■ Work task
Leave every picture out and give back the lines below from the first through the line that holds "TANGGA LIPAT ALUMINIUM", exactly as written.

■ Recorded data
══════════════════════════════
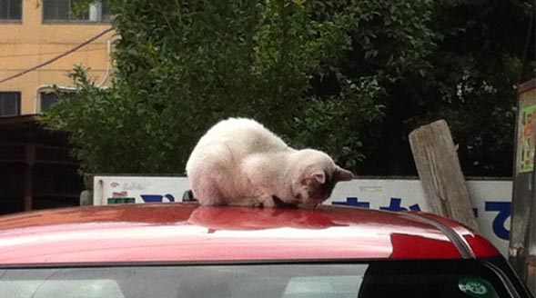 先日、赤い車の屋根の上で、うたた寝をしている猫を見つけました。
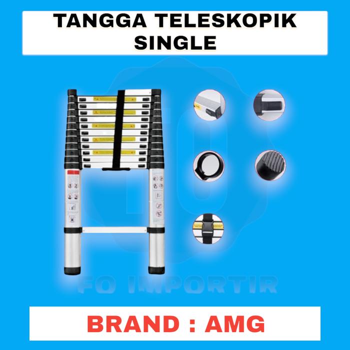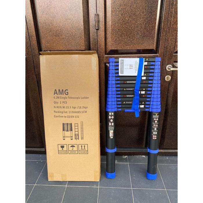 TANGGA LIPAT ALUMINIUM TELESKOPIK 6M SINGLE TELESCOPIC LADDER 6 METER - HITAM BIRU
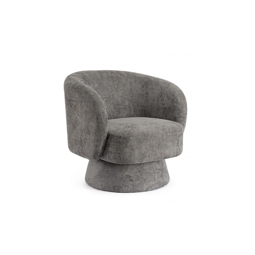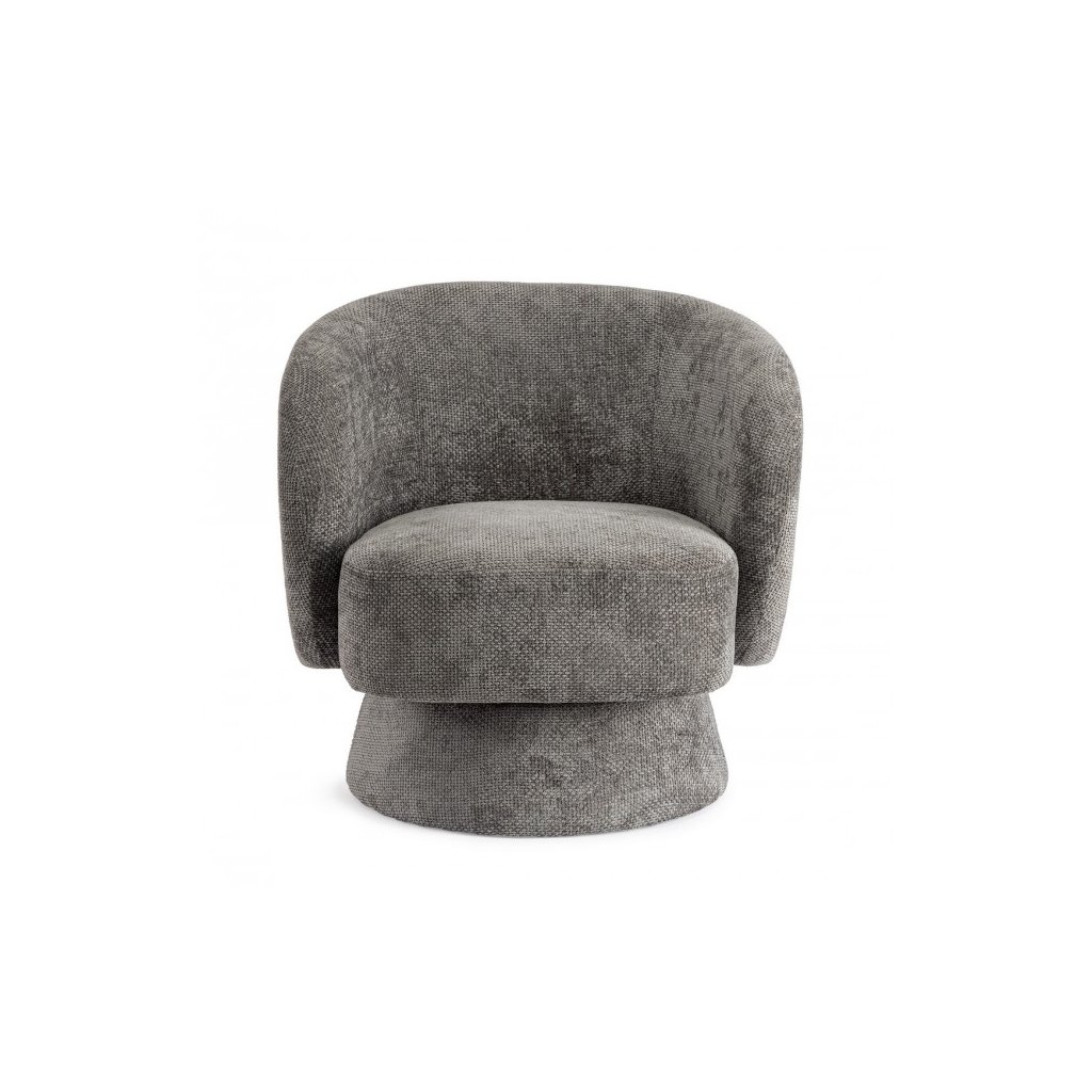 Designové křeslo JULIENNE od italského výrobce stylového nábytku BIZZOTTO. Krásné otočné křeslo JULIENNE má přívětivý zaoblený tvar s velmi vysokým komfortem sezení. Sedák a základna jsou celé potaženy hrubě tkanou tmavě šedou látkou ze 100% polyesteru.
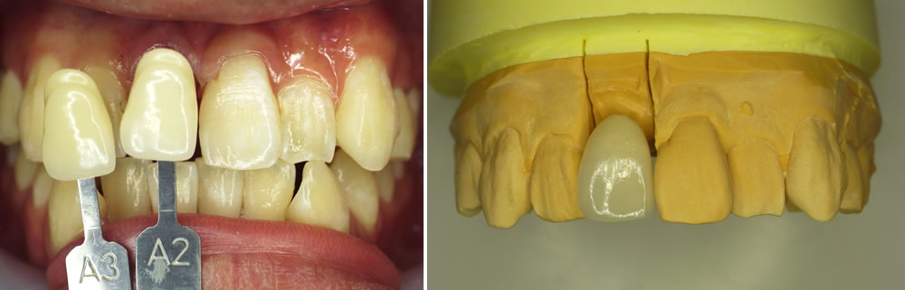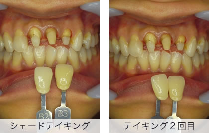 現在のかぶせものを外し、歯肉の治療をして歯肉の状態を整えてから、シェードテイキング(色合せ)を行います。
══════════════════════════════
■ Solution to this exercise
 先日、赤い車の屋根の上で、うたた寝をしている猫を見つけました。
 TANGGA LIPAT ALUMINIUM TELESKOPIK 6M SINGLE TELESCOPIC LADDER 6 METER - HITAM BIRU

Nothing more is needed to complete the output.